Nelson Mandela... hero or zero?

As a native South African (now in the US) I will say this, I used to be embarrassed about telling people where I was from (back when I was a little girl), but when I took the time to learn about the history of what has happened and who causes the pain and problems, it became apparent to me that every culture/society/country/whatever, has evil people on both sides of any argument.

We had a few South Africans at school in the mid-eighties, and almost everyone of them would, if asked by a stranger, claim to be Zimbabwean so as not to cop any flak since most of us couldn’t really tell the difference between a South African and Zimbabwean accent.

To the folks thinking I’m being racist: it is possible to criticise a black man without being racist. Yes, really. What I’m criticising has absolutely nothing to do with race, and everything to do with the (MAN) illusion that media has perpetuated, and that naive people like yourselves maintain - as well as how he let the country down.
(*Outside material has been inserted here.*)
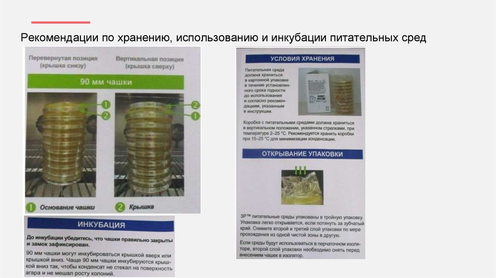 Рекомендации по хранению, использованию и инкубации питательных сред18.
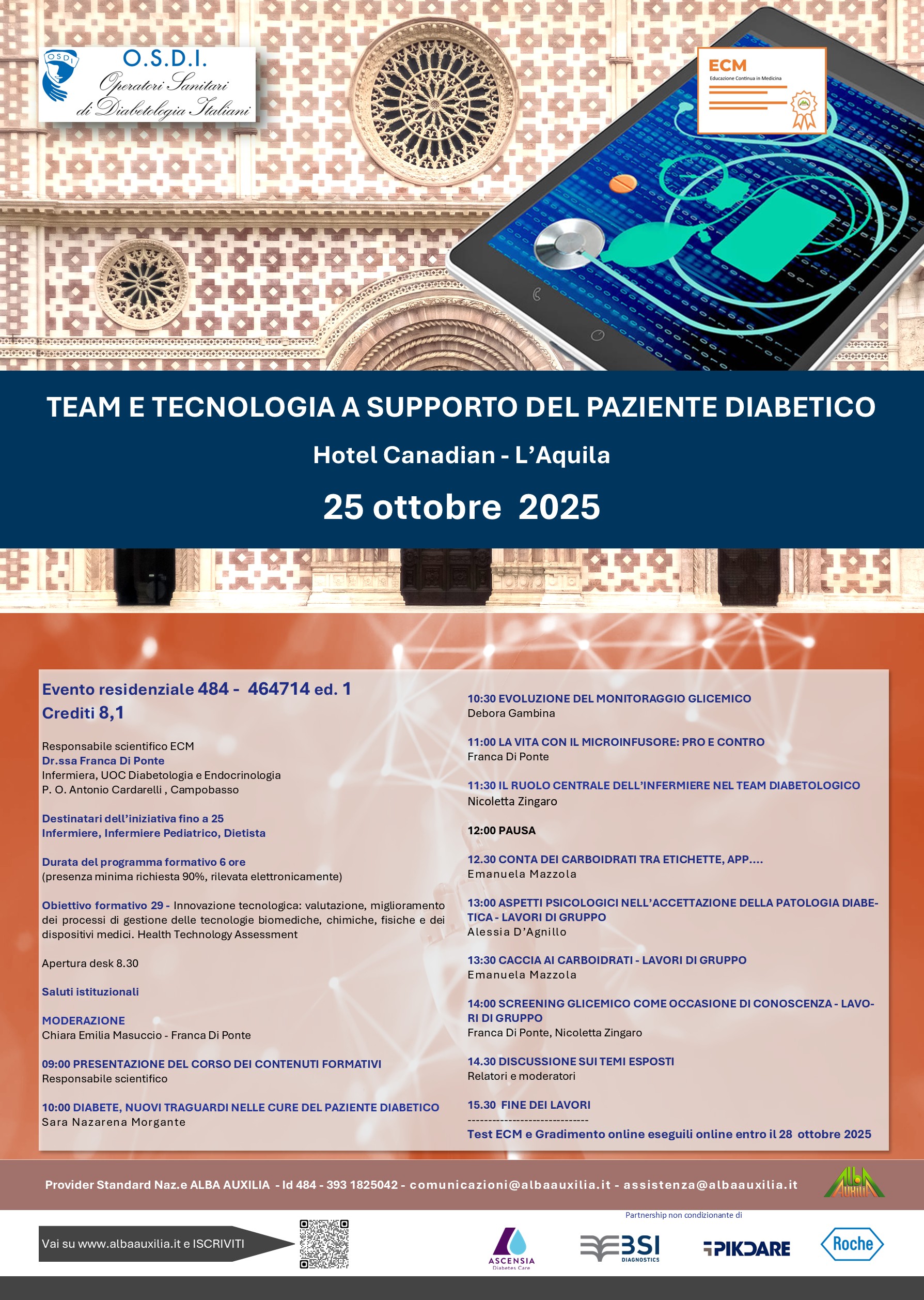 25 Oct 2025 Team e Tecnologia a supporto del paziente diabetico L'Aquila, 25 Ottobre 2025 Scarica Allegato

Because I sincerely believe he did. I think if he’d taken the time in prison to educate himself about a certain disease (as well as any number of other issues) tearing its way down to his corner of the continent, and then stood and made all the well-meaning speeches he’s making today (10 years too late), maybe SA wouldn’t be in the epidemic it is. Further, if he’d taken more interest in the economics of the country instead of just idyllic privileges in a constitution that smiles so wide its head falls off, “his people” might not still be living in the same abject poverty they were before he “saved them”. I maintain that for the majority of his supporters, life has not changed, and that for many it in fact got worse (you want to talk about latent hatred?).

If someone a little younger than he was, say with longer hair, a paler complexion and a tie-dyed (as opposed to paisley) wardrobe, came out of prison spouting the claptrap about peace and loving children the way he has, they’d be written off as a hippy and nothing more. He is more talk (and fund-raisers and parties and conventions and summits) than anything else. What did he achieve, really? SA is a mess, and it’s a reflection of the job he did. If he’s such a masterful peace negotiator, how is it that he hasn’t solved a crisis in ANY other country? He didn’t even solve one here, he supposedly averted one. If you take away the hype the media presented (“one boer one bullet” didn’t get famous on its own), it’s doubtful whether the threat of civil war even existed outside the minds of paranoid whites. Were I to ever meet the sod, I’d ask him if he’s ever used his Nobel Peace prize as bog-roll, because that’s what I think it’s worth.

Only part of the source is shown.